RECORDS SHOWN:
----
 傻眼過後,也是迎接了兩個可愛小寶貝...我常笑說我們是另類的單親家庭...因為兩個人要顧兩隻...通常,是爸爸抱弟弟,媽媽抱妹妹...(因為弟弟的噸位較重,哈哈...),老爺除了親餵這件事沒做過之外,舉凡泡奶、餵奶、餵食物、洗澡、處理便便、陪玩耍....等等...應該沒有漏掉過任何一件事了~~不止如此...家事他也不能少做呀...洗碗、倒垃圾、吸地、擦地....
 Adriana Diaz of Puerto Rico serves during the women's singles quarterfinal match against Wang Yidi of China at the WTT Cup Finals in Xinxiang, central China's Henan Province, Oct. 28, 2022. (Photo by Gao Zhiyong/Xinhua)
----
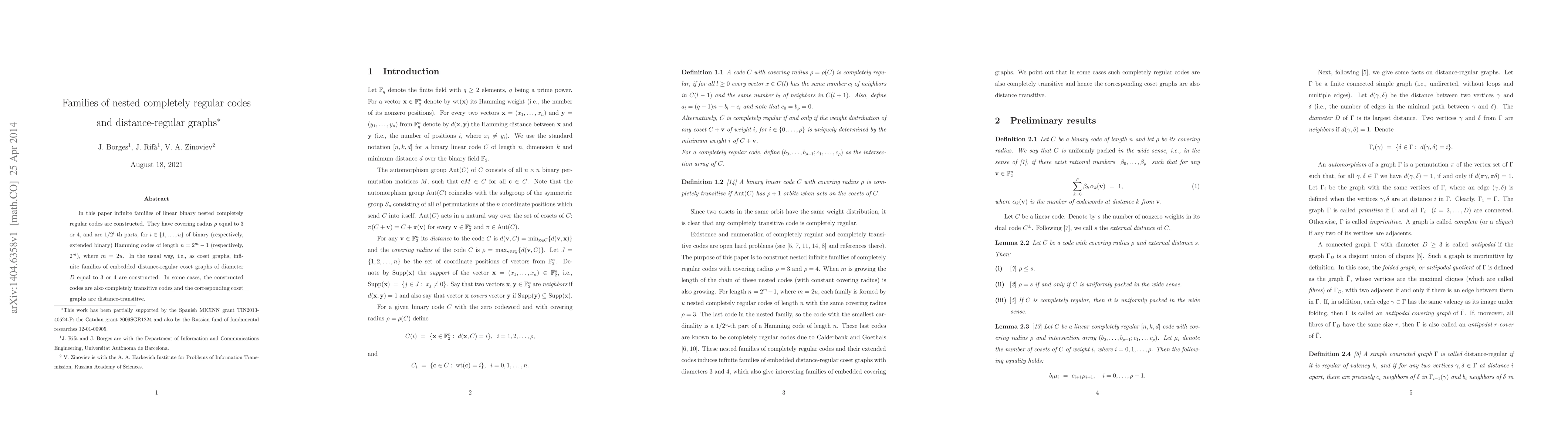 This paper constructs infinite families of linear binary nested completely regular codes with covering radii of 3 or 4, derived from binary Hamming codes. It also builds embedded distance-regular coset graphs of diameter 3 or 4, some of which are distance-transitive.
----
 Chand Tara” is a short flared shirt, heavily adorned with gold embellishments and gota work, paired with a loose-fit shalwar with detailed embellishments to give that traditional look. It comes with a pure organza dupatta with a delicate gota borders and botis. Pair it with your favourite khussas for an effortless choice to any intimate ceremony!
----
WORK REQUIRED:
Retype exactly the span of lines from the one with "傻眼過後,也是迎接了兩個可愛" through the one with "Adriana Diaz of"; include both ends and omit the rest of the material.

EXERCISE RESPONSE:
 傻眼過後,也是迎接了兩個可愛小寶貝...我常笑說我們是另類的單親家庭...因為兩個人要顧兩隻...通常,是爸爸抱弟弟,媽媽抱妹妹...(因為弟弟的噸位較重,哈哈...),老爺除了親餵這件事沒做過之外,舉凡泡奶、餵奶、餵食物、洗澡、處理便便、陪玩耍....等等...應該沒有漏掉過任何一件事了~~不止如此...家事他也不能少做呀...洗碗、倒垃圾、吸地、擦地....
 Adriana Diaz of Puerto Rico serves during the women's singles quarterfinal match against Wang Yidi of China at the WTT Cup Finals in Xinxiang, central China's Henan Province, Oct. 28, 2022. (Photo by Gao Zhiyong/Xinhua)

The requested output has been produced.